The expected output is the line with "Mexen Cesar гранитна" plus all lines after it to the end of the material below, reproduced exactly, with pictures omitted and nothing else included.

------ The input ------

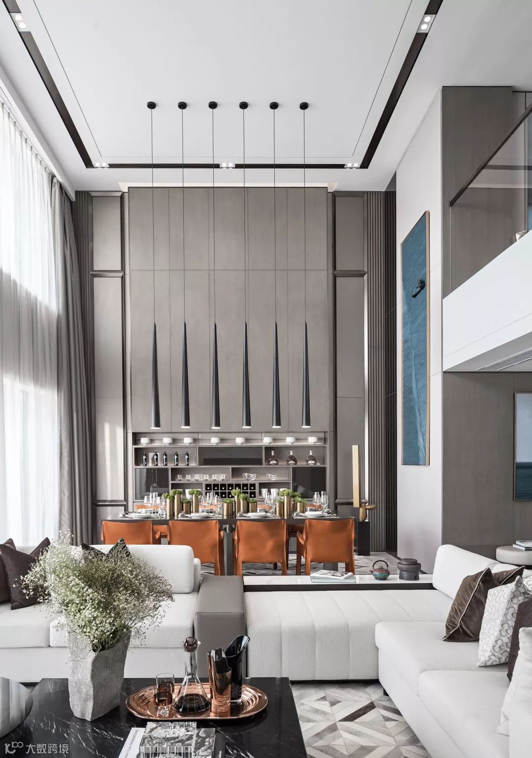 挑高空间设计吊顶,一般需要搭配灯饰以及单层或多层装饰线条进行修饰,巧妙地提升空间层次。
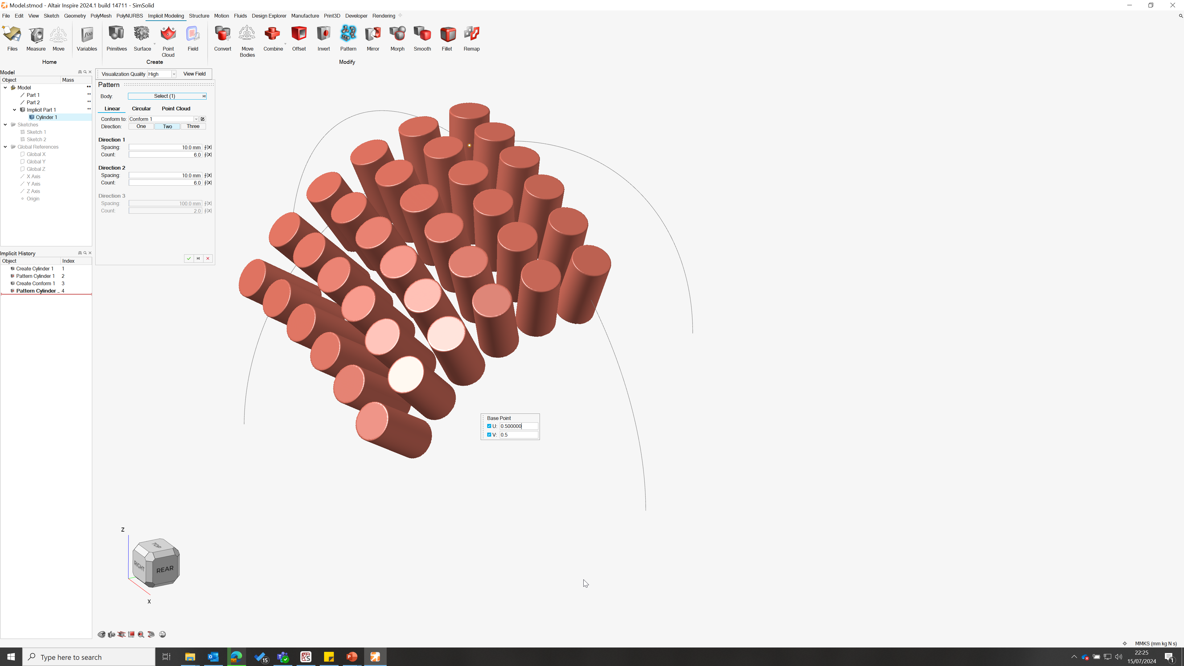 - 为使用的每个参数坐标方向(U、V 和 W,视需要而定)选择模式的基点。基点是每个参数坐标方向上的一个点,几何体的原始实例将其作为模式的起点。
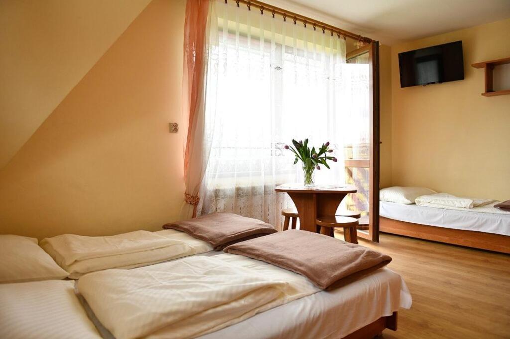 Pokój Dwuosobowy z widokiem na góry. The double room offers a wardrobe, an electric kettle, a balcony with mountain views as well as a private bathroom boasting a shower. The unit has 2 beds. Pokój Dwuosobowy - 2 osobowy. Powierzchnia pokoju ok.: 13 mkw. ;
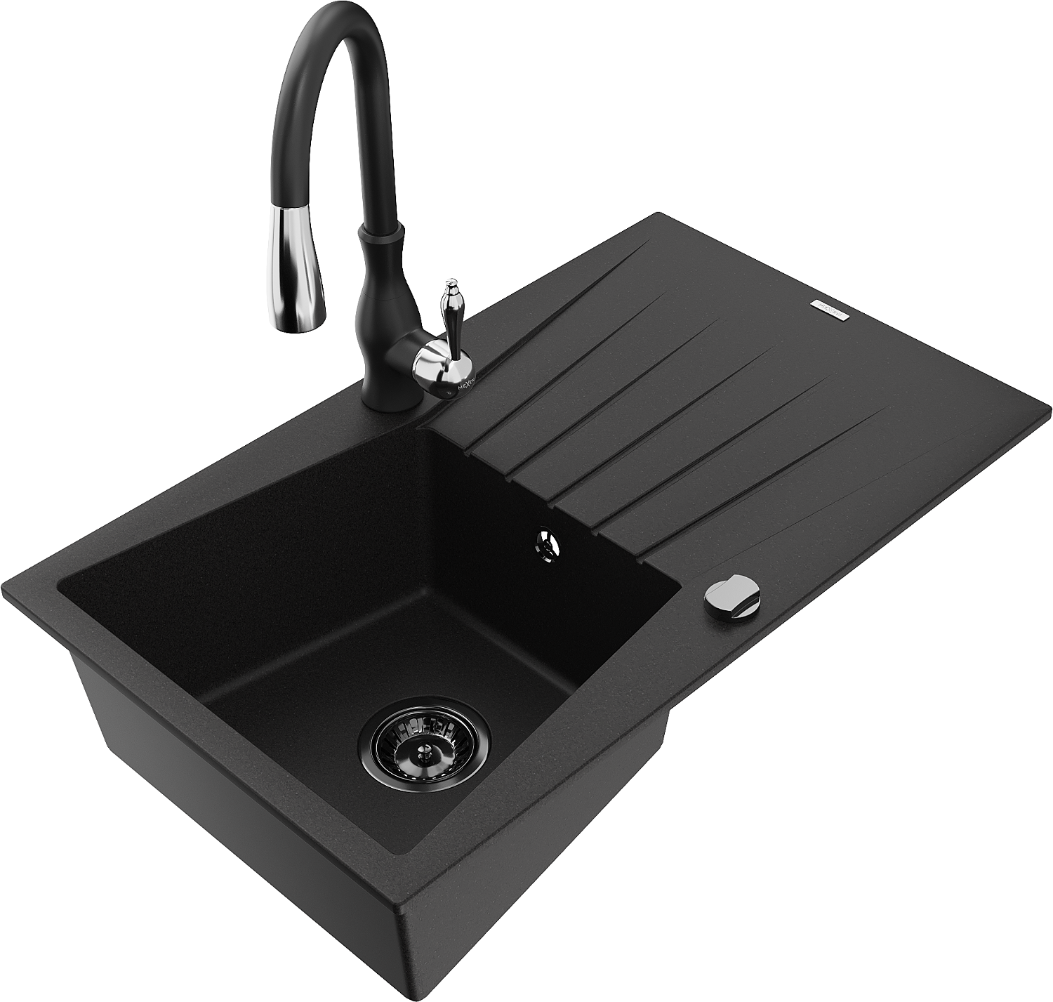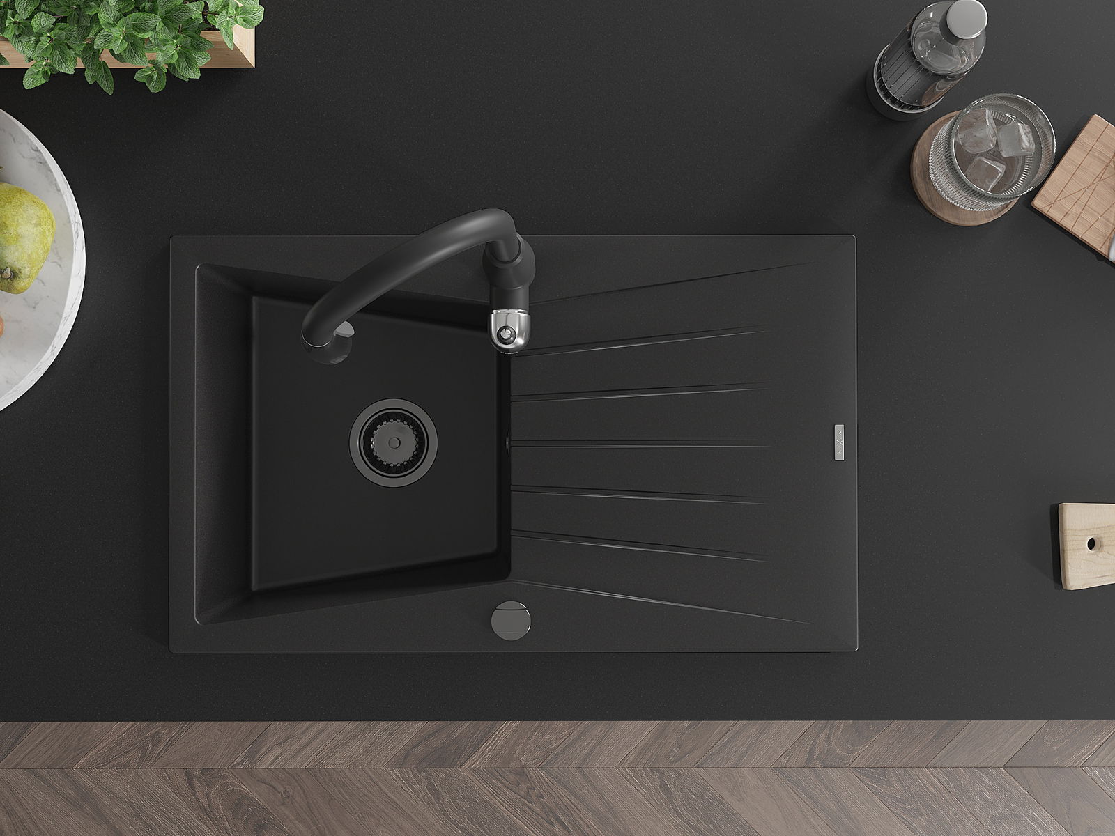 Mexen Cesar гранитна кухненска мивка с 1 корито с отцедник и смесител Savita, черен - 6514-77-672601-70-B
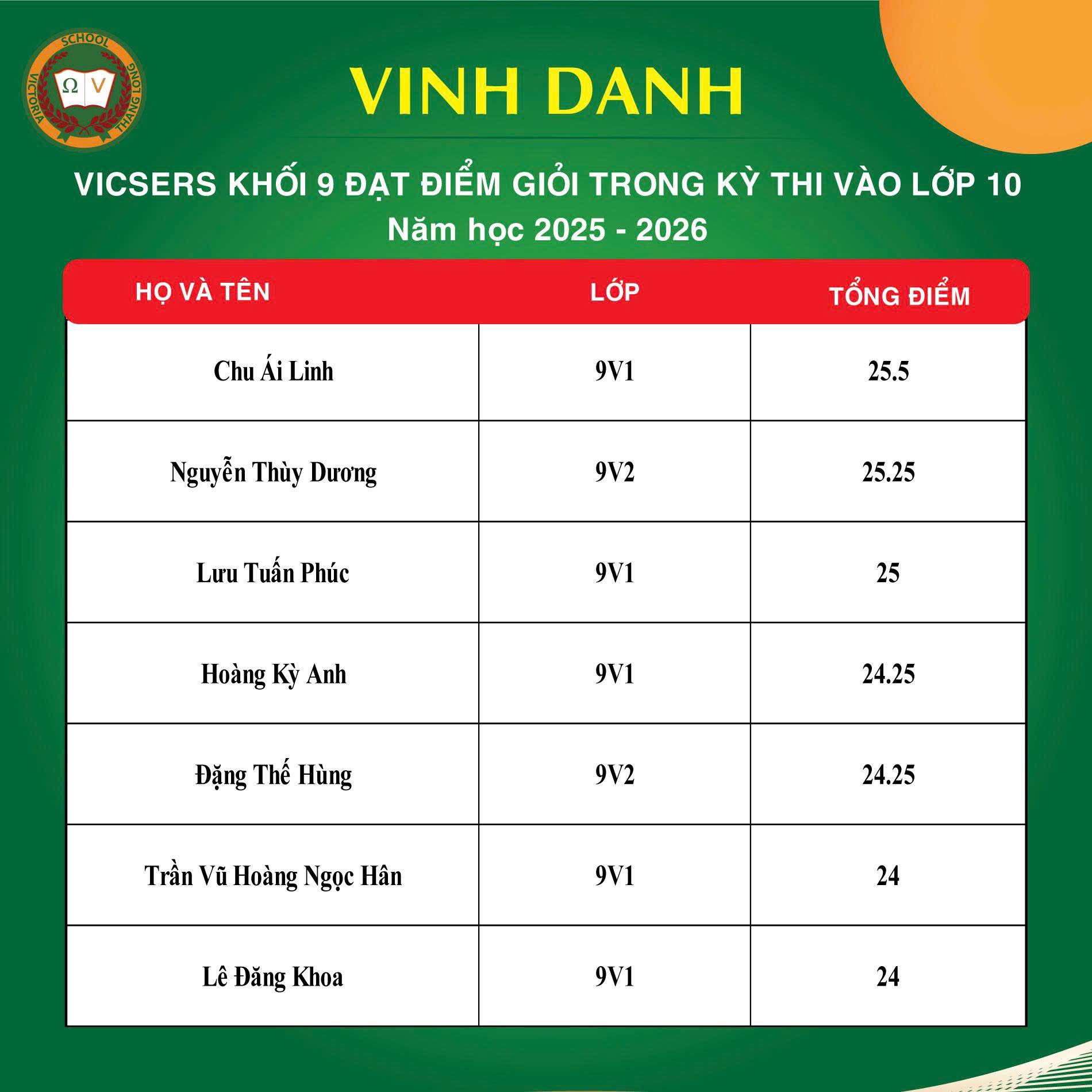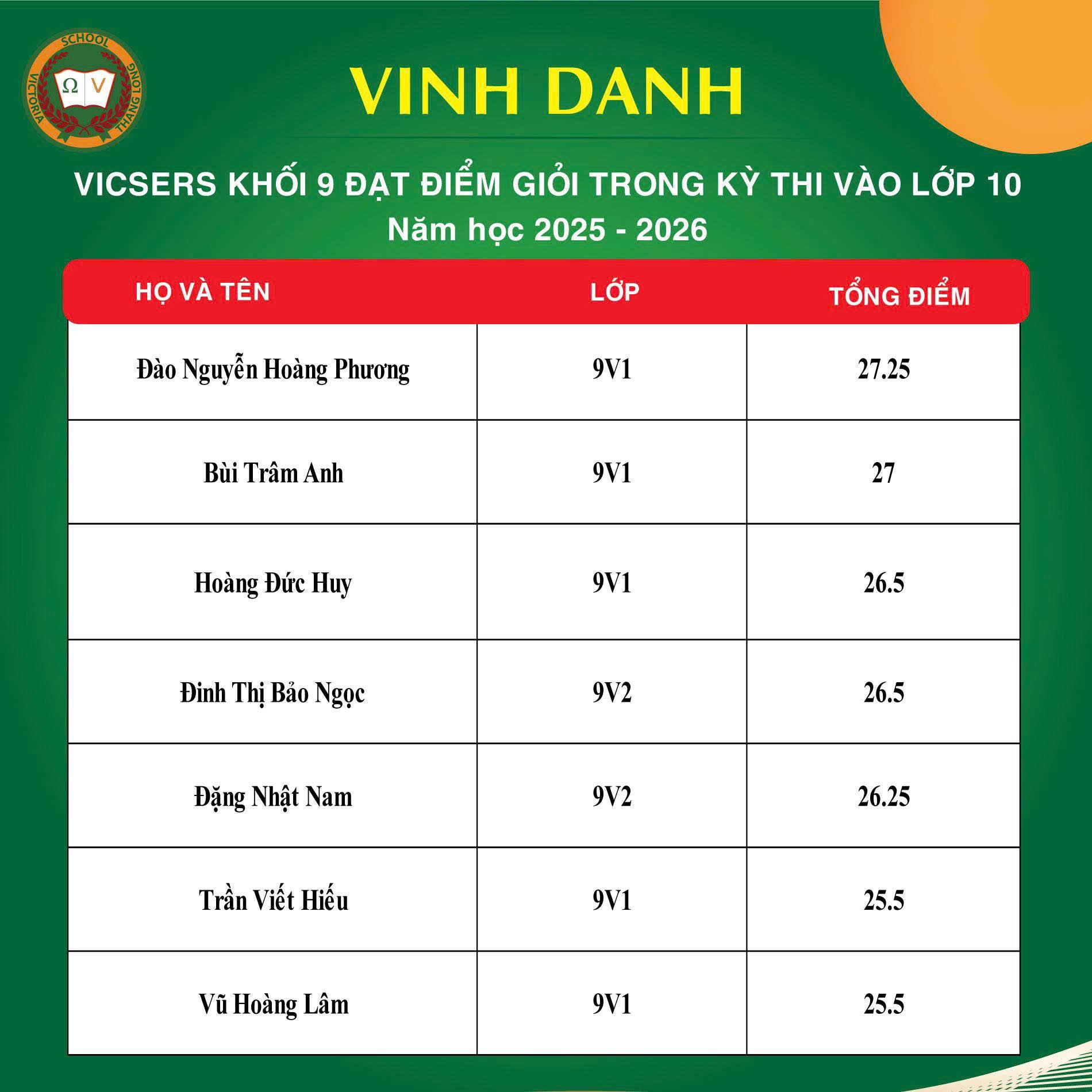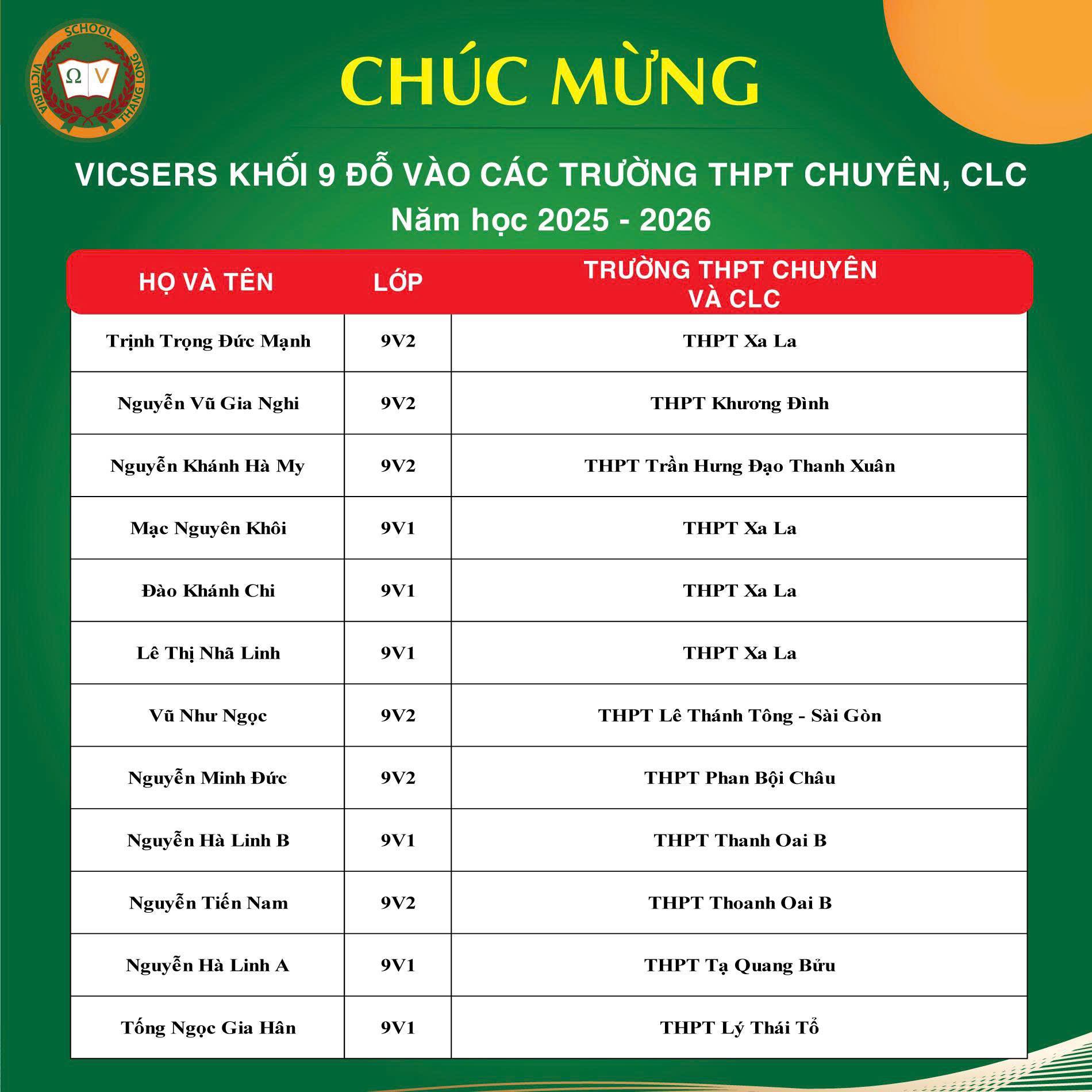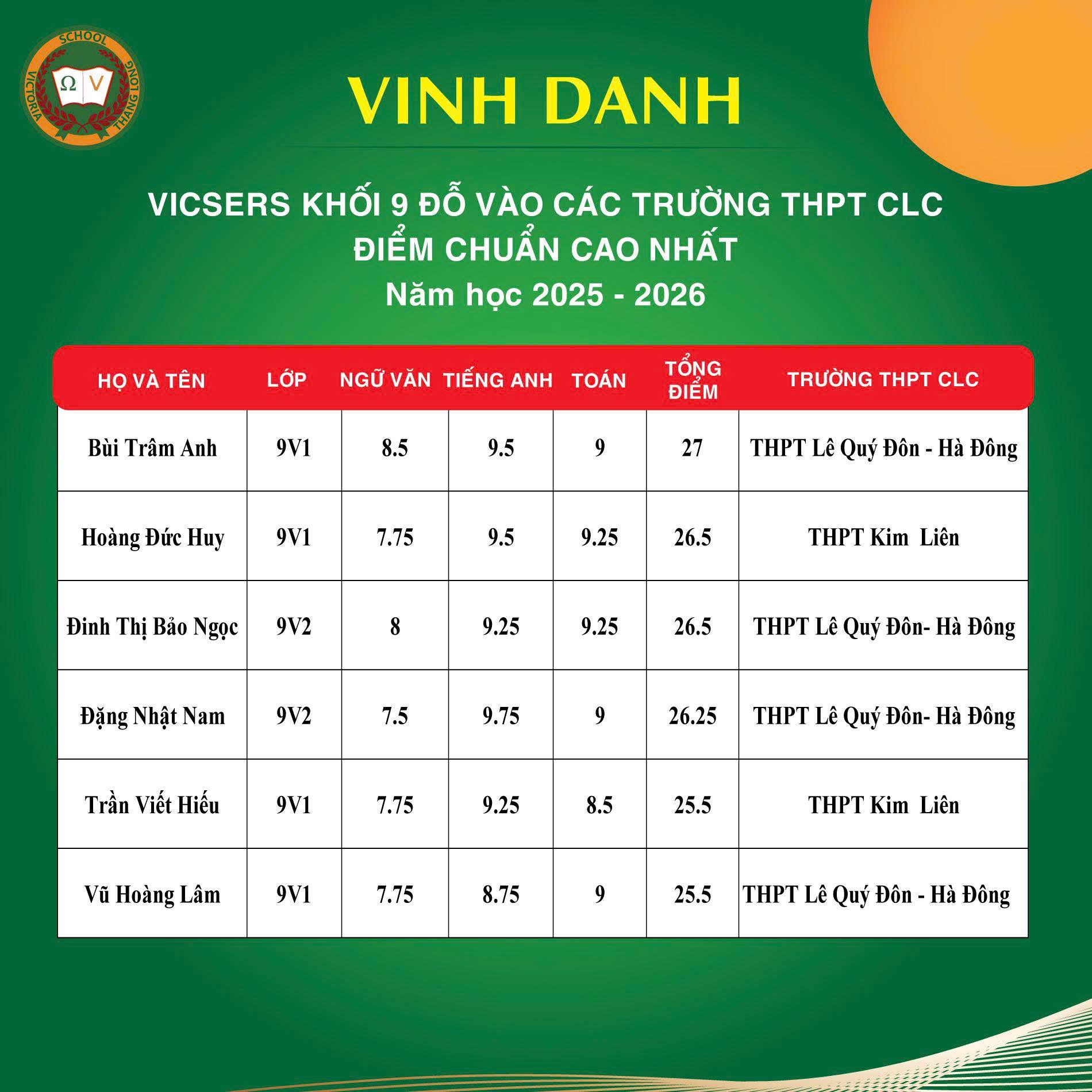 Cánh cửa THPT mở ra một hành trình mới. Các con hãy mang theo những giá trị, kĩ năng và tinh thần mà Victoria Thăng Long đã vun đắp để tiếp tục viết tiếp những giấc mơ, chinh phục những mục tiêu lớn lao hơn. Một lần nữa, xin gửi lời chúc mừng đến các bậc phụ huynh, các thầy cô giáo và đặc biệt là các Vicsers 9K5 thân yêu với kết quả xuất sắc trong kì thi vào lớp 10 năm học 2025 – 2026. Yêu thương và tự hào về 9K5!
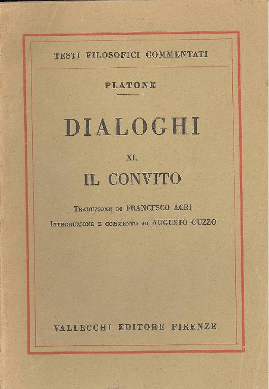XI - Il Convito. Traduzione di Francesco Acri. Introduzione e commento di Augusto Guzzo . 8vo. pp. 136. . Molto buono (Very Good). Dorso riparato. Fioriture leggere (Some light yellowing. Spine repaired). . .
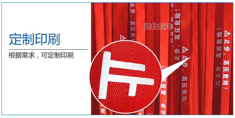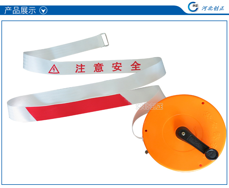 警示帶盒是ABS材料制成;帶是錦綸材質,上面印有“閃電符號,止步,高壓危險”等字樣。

------

Written reply =>
 Mexen Cesar гранитна кухненска мивка с 1 корито с отцедник и смесител Savita, черен - 6514-77-672601-70-B
 Cánh cửa THPT mở ra một hành trình mới. Các con hãy mang theo những giá trị, kĩ năng và tinh thần mà Victoria Thăng Long đã vun đắp để tiếp tục viết tiếp những giấc mơ, chinh phục những mục tiêu lớn lao hơn. Một lần nữa, xin gửi lời chúc mừng đến các bậc phụ huynh, các thầy cô giáo và đặc biệt là các Vicsers 9K5 thân yêu với kết quả xuất sắc trong kì thi vào lớp 10 năm học 2025 – 2026. Yêu thương và tự hào về 9K5!
XI - Il Convito. Traduzione di Francesco Acri. Introduzione e commento di Augusto Guzzo . 8vo. pp. 136. . Molto buono (Very Good). Dorso riparato. Fioriture leggere (Some light yellowing. Spine repaired). . .
 警示帶盒是ABS材料制成;帶是錦綸材質,上面印有“閃電符號,止步,高壓危險”等字樣。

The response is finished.